* **Input for this task**:
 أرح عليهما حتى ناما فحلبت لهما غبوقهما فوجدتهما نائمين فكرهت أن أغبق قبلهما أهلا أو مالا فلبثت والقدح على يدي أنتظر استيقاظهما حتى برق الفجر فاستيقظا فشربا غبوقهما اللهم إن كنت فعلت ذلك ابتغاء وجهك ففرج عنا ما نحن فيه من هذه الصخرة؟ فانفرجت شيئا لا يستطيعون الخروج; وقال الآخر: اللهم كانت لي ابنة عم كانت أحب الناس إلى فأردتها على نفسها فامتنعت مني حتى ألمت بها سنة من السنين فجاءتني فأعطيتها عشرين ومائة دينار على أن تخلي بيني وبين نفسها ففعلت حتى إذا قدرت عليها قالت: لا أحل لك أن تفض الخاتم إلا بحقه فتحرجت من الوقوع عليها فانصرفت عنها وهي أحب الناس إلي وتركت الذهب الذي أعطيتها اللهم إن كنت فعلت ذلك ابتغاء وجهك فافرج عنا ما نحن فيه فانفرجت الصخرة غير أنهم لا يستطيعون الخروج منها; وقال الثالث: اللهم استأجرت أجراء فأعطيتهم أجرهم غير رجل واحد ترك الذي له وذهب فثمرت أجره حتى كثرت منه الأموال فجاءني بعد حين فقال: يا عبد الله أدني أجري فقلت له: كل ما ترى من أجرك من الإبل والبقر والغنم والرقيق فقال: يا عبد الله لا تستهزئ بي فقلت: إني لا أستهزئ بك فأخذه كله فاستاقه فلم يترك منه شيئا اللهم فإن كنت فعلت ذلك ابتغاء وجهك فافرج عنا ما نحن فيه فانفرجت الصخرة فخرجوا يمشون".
--
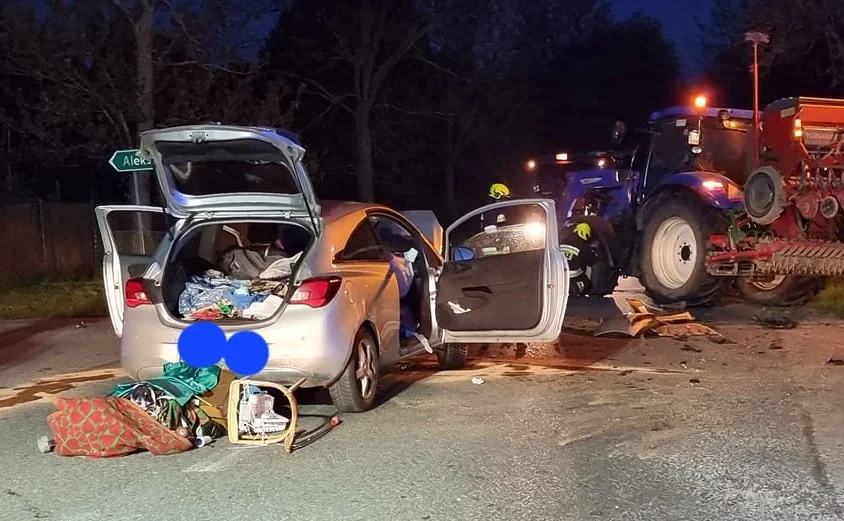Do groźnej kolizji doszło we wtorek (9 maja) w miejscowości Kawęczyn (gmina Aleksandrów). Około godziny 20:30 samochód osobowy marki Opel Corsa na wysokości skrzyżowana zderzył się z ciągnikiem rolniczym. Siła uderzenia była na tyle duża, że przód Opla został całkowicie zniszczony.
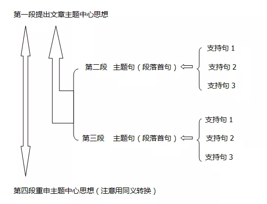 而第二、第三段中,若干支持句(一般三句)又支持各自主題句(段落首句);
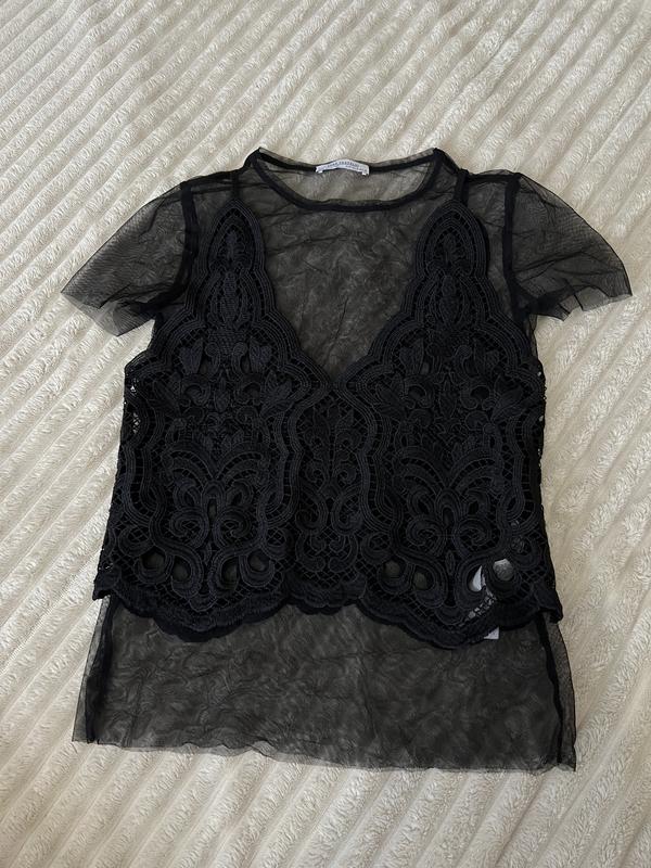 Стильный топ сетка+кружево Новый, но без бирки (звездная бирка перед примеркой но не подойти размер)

* **Task directions**:
From the material above, reproduce only what runs from the line holding "而第二、第三段中,若干支持句(一般三句)又支持各自主題句(段落首句);" down to the line holding "Стильный топ сетка+кружево", both included, pictures excluded.

* **Written answer**:
 而第二、第三段中,若干支持句(一般三句)又支持各自主題句(段落首句);
 Стильный топ сетка+кружево Новый, но без бирки (звездная бирка перед примеркой но не подойти размер)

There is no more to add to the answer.